Il caso Ibis eremita tra fucili e carenze normative

Il bracconaggio infatti è la prima causa di morte per l’Ibis eremita in Italia. Mentre negli altri paesi dove è attivo il progetto (Spagna, Germania, Austria), i casi rasentano lo zero, nel nostro paese i numeri sono allarmanti. Il progetto europeo, portato avanti da oltre vent’anni per reintrodurre la specie in Europa (estinta), ha permesso di documentare con precisione 71 casi di bracconaggio nel nostro paese. Grazie all’impiego di dispositivi Gps e a un sistema di tracciamento costante, oggi è possibile determinare la causa di morte del 56 per cento degli esemplari. E per oltre un terzo di questi, la causa è il piombo di un fucile.

E proprio mentre i dati scientifici ci restituiscono l’immagine di una natura sotto assedio, il governo sta provando – pare entro fine estate – a portare alle Camere un disegno di legge che propone modifiche sostanziali alla legge 157 del 1992, smantellando progressivamente l’impianto normativo costruito per proteggere la fauna selvatica.

Cosa prevede il disegno di legge

Tra i punti più controversi c’è l’introduzione esplicita dell’idea che la caccia, oltre a essere un’attività legittima, contribuisca alla tutela della biodiversità. Un’affermazione che appare ideologica, se non provocatoria, proprio alla luce dei dati che emergono dal campo.
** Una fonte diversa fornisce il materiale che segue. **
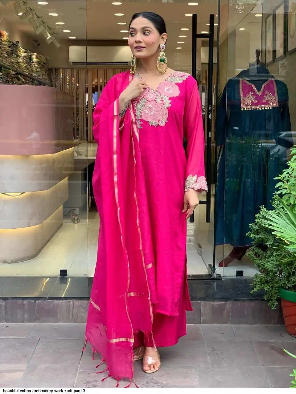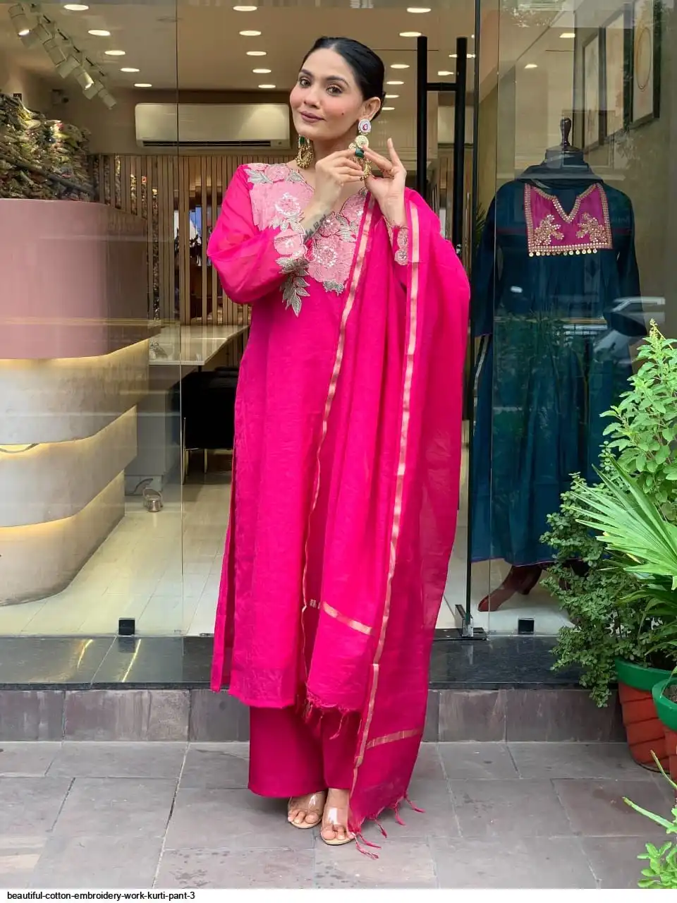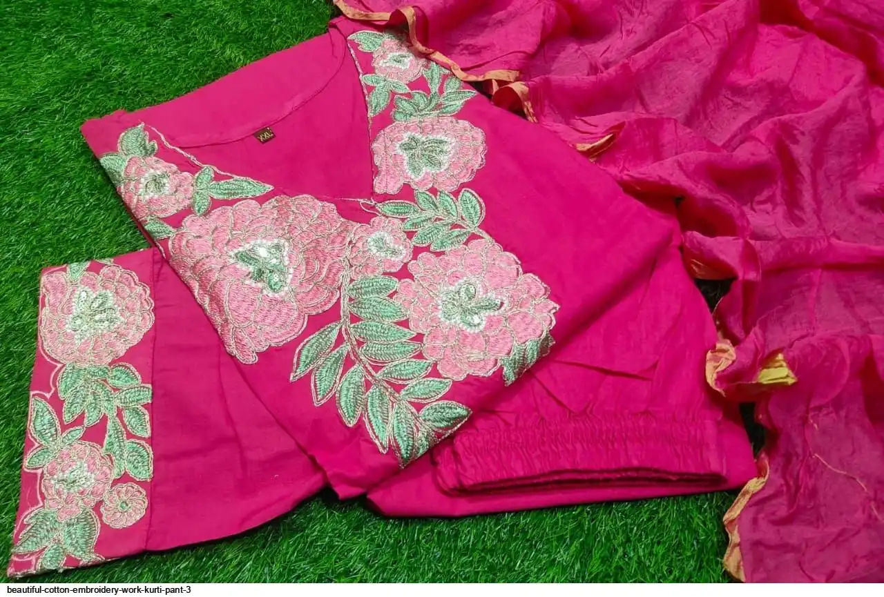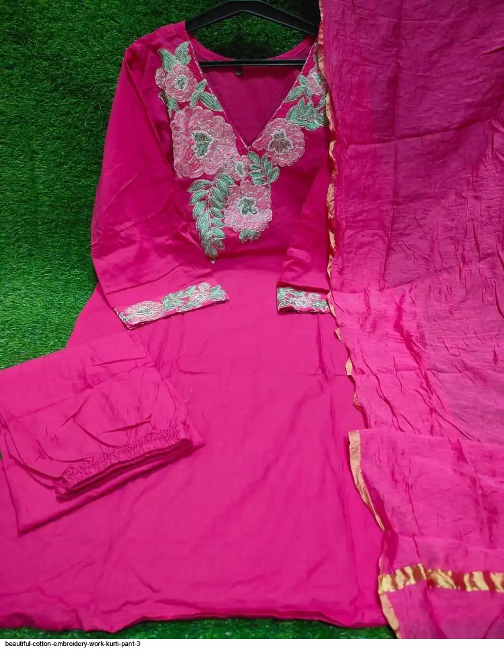 *BEAUTIFUL COTTON KURTI PANT AND DUPATTA

Eppure è così che si vorrebbe riformulare l’articolo 1 della legge: si afferma che l’attività venatoria, se esercitata nei limiti, concorre alla conservazione degli ecosistemi. A questo si aggiunge una maggiore flessibilità nei calendari venatori, la possibilità di cacciare dopo il tramonto, su terreni innevati, e l’estensione dell’uso dei richiami vivi, anche catturati in natura, una pratica che l’Europa stessa ha più volte messo in discussione per il rischio di bracconaggio e traffico illegale di fauna.

Il quadro che emerge dall’analisi del testo è quello di un vero e proprio cambio di paradigma. Non si tratta di semplici aggiornamenti tecnici, ma di una revisione profonda dell’impianto della legge. Il concetto di protezione della fauna viene assorbito all’interno di una logica di “gestione faunistica” in cui i cacciatori non sono più soggetti regolati, ma attori centrali.
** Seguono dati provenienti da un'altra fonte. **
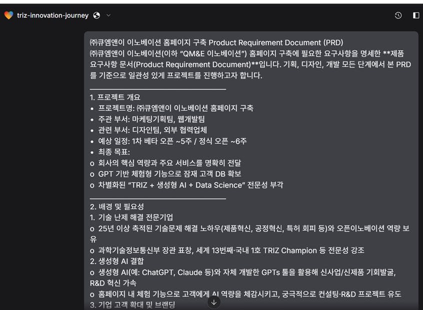 이전에 만든 큐엠앤이이노베이션 홈페이지 구축 Product Requirement Document(PRD) 문서내용 입력
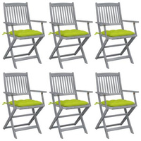vidaXL Składane krzesła ogrodowe, 6 szt., z poduszkami, akacjowe

Le regioni ottengono maggiore autonomia nel definire le stagioni di caccia, persino in deroga ai pareri scientifici di Ispra, mentre i limiti oggi vigenti – come quelli sulle aree protette, gli orari o i richiami vivi – vengono erosi in modo sistematico. Nel frattempo, le sanzioni per chi ostacola i piani di contenimento aumentano (fino a 900 euro), ma non si introduce alcun rafforzamento delle misure contro il bracconaggio.
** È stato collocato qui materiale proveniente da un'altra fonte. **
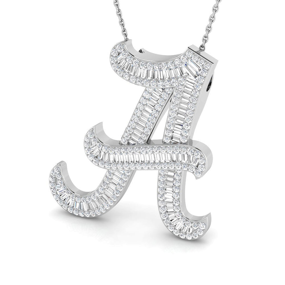 Verleihen Sie Ihrem Stil mit dem Diamant-Schriftzug-Anhänger ein besonderes Flair. Das elegante „A“ im Schreibschrift-Design ist mit Baguette- und Runddiamanten besetzt. Dieses stilvolle Schmuckstück eignet sich perfekt für jeden Tag oder als luxuriöses Geschenk für einen lieben Menschen.

Servono riforme istituzionali

Stefani ha ricordato come gli Ibis eremita siano oggi una delle popolazioni di uccelli migratori più monitorate d’Europa, anche grazie a un’app gratuita – Animal Tracker – che permette a chiunque di seguire i movimenti degli animali. Questo livello di tracciamento ha consentito non solo di scoprire l’entità del bracconaggio, ma anche di rilevare che il 90 per cento delle uccisioni avviene proprio durante la stagione venatoria.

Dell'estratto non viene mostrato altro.